Reputation: 3770
Say I have a vector of items where each item has an id, like in the example below. I can of course get all the items in the vector with a given id using something like large_vector.iter().filter(|item| item.id == given_id)
. However, for improved performance I can do some preprocessing and sort the vector by item id and store the bounds for each id, like in the example below. This way I can quickly access a slice of the vector for any given id. I end up doing this alot but feel like I am reinventing the wheel and needlessly opening myself up to bugs. Is there a better way to do this directly, preferably using the standard library else some other library?

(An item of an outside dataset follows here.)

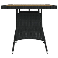 Renew your dining area with this garden table! It adds both elegant and rustic charm to your outdoor living space. You can enjoy the meal under the stars or sunlight with this dinner table. The patio table features a solid acacia wood tabletop and powder-coated steel frame, making it sturdy and durable. The outdoor table is covered with PE rattan, making it weather-resistant. Thanks to the lightweight PE rattan construction, you can move it easily. Note: In order to extend the life of your outdoor furniture, we recommend you to clean it regularly and do not leave it outdoors without protection unnecessarily.Clean: Use a mild soap solution.Storing: If possible, store in a cool, dry place indoors. If the product is stored outdoors, protect it with a waterproof cover. Wipe and dry the excess water or snow from flat surfaces after a rain or snowfall. Allow sufficient air circulation to avoid moisture-related damage.

use std::{collections::HashMap, ops::Range};
#[derive(Debug)]
struct Item {
id: String,
val: f64,
}
impl Item {
fn new(id: &str, val: f64) -> Item {
Item { id: id.into(), val }
}
}
fn main() {
let mut large_vector = vec![
Item::new("C", 2.21),
Item::new("A", 34.2),
Item::new("B", 23.54),
Item::new("C", 34.34),
Item::new("C", 45.21),
Item::new("B", 21.34),
];
// first sort by id
large_vector.sort_by(|item1, item2| item1.id.cmp(&item2.id));
dbg!(&large_vector);
// now create a HasMap storing bounds for each id
let mut lookup = HashMap::new();
let mut start: usize = 0;
let mut end: usize = 0;
if let Some(first_item) = large_vector.get(0) {
let mut current_id = first_item.id.clone();
// insert bound if entered new id section or is last item
for item in &large_vector {
if current_id != item.id {
lookup.insert(current_id.clone(), Range { start, end });
current_id = item.id.clone();
start = end;
}
end += 1;
}
lookup.insert(current_id.clone(), Range { start, end });
}
// test by getting the items for a given id
dbg!(&lookup);
let range = lookup.get("C").unwrap();
dbg!(range);
let items = large_vector[range.start..range.end]
.iter()
.collect::<Vec<_>>();
dbg!(items);
}
[src/main.rs:26] &large_vector = [
Item {
id: "A",
val: 34.2,
},
Item {
id: "B",
val: 23.54,
},
Item {
id: "B",
val: 21.34,
},
Item {
id: "C",
val: 2.21,
},
Item {
id: "C",
val: 34.34,
},
Item {
id: "C",
val: 45.21,
},
]
[src/main.rs:47] &lookup = {
"A": 0..1,
"B": 1..3,
"C": 3..6,
}
[src/main.rs:49] range = 3..6
[src/main.rs:53] items = [
Item {
id: "C",
val: 2.21,
},
Item {
id: "C",
val: 34.34,
},
Item {
id: "C",
val: 45.21,
},
]
Upvotes: 0
Views: 474
Reputation: 22501
Assuming that your items have to be in a vector, and you can only sort them, I can think of two possibilities:
log(n)
based divide-and-conquer search to get the range. If you are interested in what I mean with that, I can provide you with some code.But in general, I think a vector is simply the wrong data structure. I'd try to change that first.
Upvotes: 1